Guillermo Carreño

Personal information
- Full name: Guillermo Gerardo Carreño Matamala
- Date of birth: 6 February 1962 (age 63)
- Place of birth: Santiago, Chile
- Height: 1.69 m (5 ft 7 in)
- Position: Midfielder

Senior career*
- Years: Team / Apps / (Gls)
- 1980–1983: Unión Española
- 1984: Cobreandino
- 1985–1988: Deportes Iquique
- 1989–1990: Colo-Colo
- 1991–1993: O'Higgins
- 1994–1995: Deportes Iquique / 3 / (0)
- 1996: Unión Santa Cruz / 1 / (0)

International career
- 1983: Chile Pan American
- 1989: Chile / 2 / (0)

Managerial career
- Deportes Iquique (youth)
- 2014: Deportes Iquique (assistant)
- 2021: Deportes Iquique (women) (es)
- 2022: Deportes Iquique (assistant)
- 2023–2024: Deportes Iquique (women) (es)

= Guillermo Carreño =

Chilean footballer (born 1962)

Guillermo Gerardo Carreño Matamala (born 6 February 1962) is a Chilean former professional footballer who played as a midfielder.

==Club career==
In 1984, Carreño was on loan to Cobreandino.
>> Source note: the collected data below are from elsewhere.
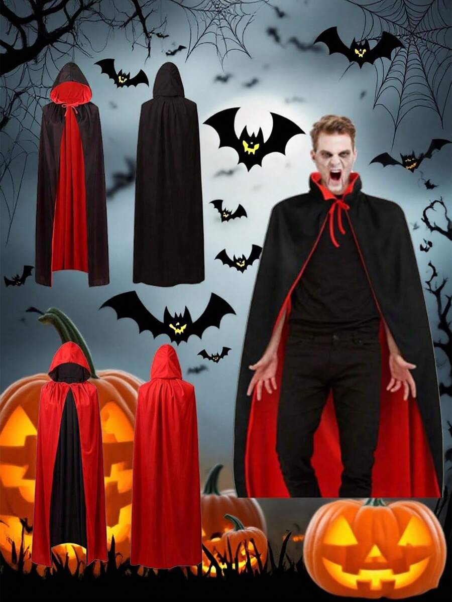• 1 件酷炫万圣节角色扮演双面黑红连帽斗篷 - 非常适合派对和节日装扮道具,可扮演吸血鬼或任何其他角色 - 彩色 - 查看 7
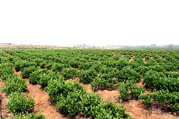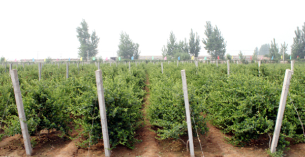 (2)主干樹形 株行距為1米×1.5米,單株栽植,每畝栽444株。 主干樹形適于平原地區、土壤肥沃的地塊采用,具有充分利用地面以上空間生長、通風透光、提高產量和質量、管理和采花方便等優點。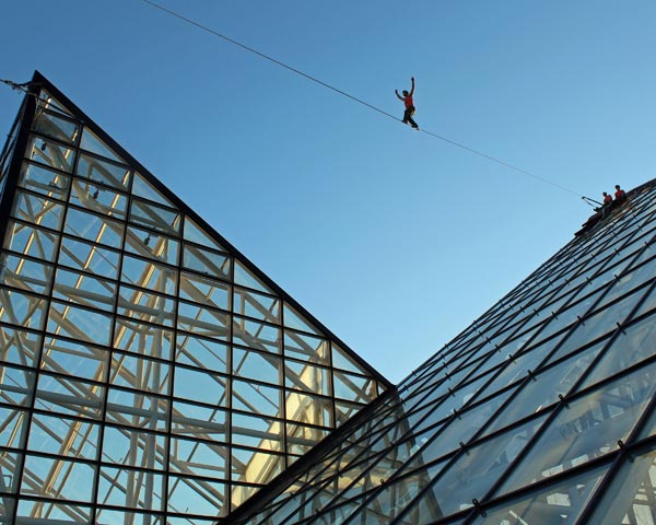 Highliner Edward Yates last weekend used a nylon webbing system to cross the glass peaks above Chattanooga’s Tennessee Aquarium. “There has never been an urban highline event like this before,” said Yates. “I’ve always loved the Tennessee Aquarium, and this has been a dream of mine.”

In the years 1985 to 1988 in Iquique, where it reached its greatest footballing expression.

Hires Colo-Colo in 1989, wearing the dawn shirt until 1990 and the "cacique" won the National Tournament in 1989 and 1990 and Chile Glass of them years. In 1991, he played in O'Higgins of Rancagua, where he played until 1993, when he retired.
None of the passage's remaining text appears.